The build fails if the tests fail, so you never push code with broken tests — win!
Bonus
Add the pylint step — see here and below
name: Checks
on: [pull_request]
jobs:
build:
runs-on: ubuntu-latest
name: Checks
steps:
- uses: actions/checkout@v2
- uses: actions/setup-python@v2
with:
python-version: 3.x
- run: pip install --upgrade pip
- run: pip install "black<23" pylint==v3.0.0a3 mypy==v0.902
- run: black --diff --check $(git ls-files '*.py')
- run: pylint --disable=all --enable=unused-import $(git ls-files '*.py')

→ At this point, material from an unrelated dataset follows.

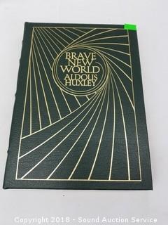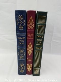 All are leather bound with gold gilded edges, in near unread condition. Includes: The Red Badge of Courage by Stephen Crane, Brave New World by Aldous Hucksley 1978, and Grim's Fairytales 1980.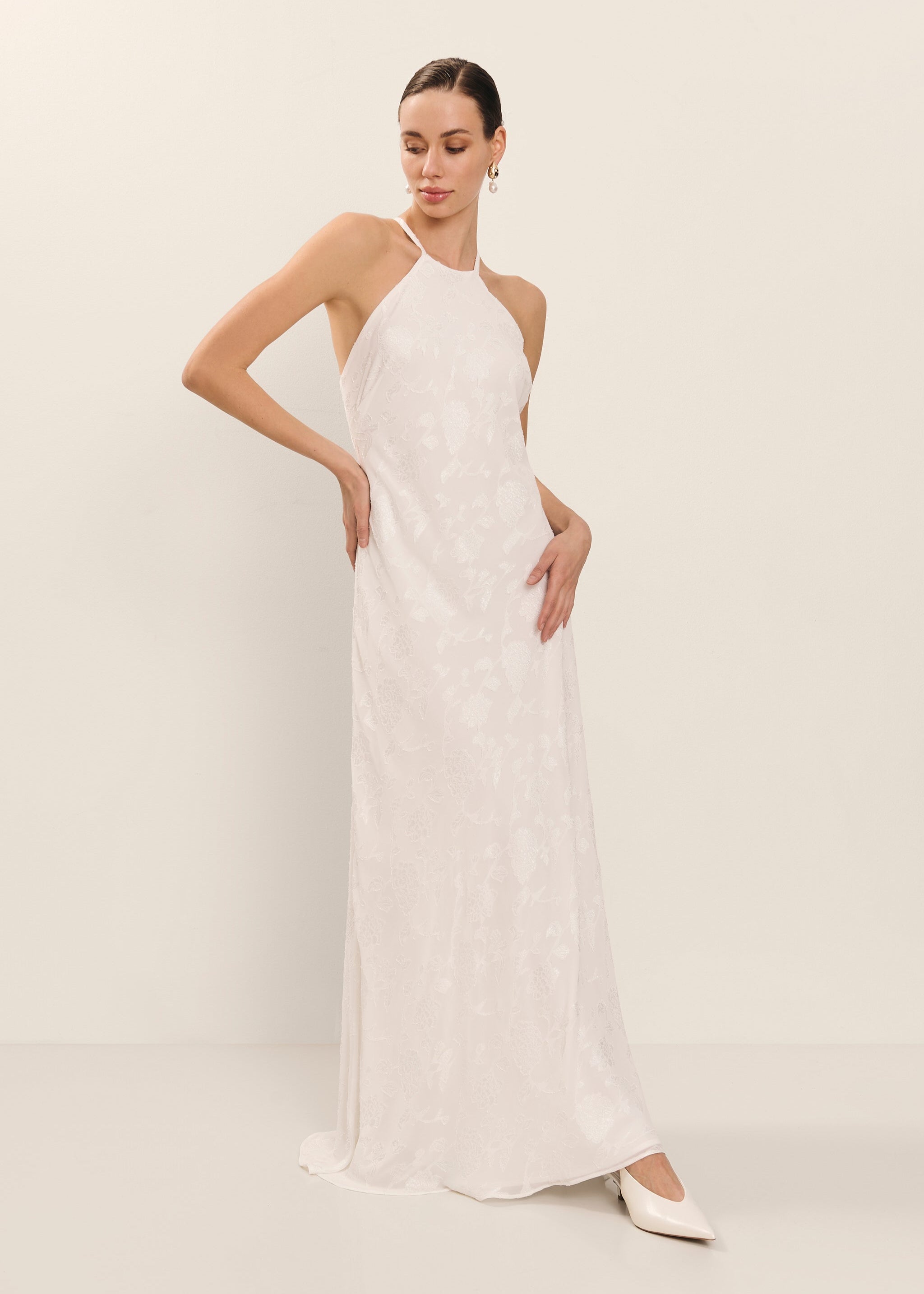 El vestido Darya Bridal combina a la perfección elegancia y carácter. Confeccionado en un exquisito jacquard floral, su diseño aporta un aire moderno y refinado. Destaca por su sofisticado escote halter y una espalda descubierta con ajuste personalizado, que realzan la silueta con sutileza. Su tejido estructurado pero ligero se mueve con gracia, convirtiéndolo en la elección ideal para una novia que busca distinción y romanticismo en cada detalle. Totalmente forrado con tejido crepé a tono.

- run: mypy --strict $(git ls-files '*.py')
Make the Build apply as a merge approval check rather than just running on merge.
Conclusion
Having stuff like this would have saved so much time in my prior job. I definitely would have started out with the ability to do this from day 1, but perhaps not by writing code for absolutely everything (data engineers are focused on business value, after all). I think there is a lot of value in integration tests (particularly because we need them so much) and in unit tests; ensuring the validity of data and responses getting pushed out is a really easy way to ensure apps are working and I’ve lost count of the times and types of error that would’ve been caught by this (article part two to come).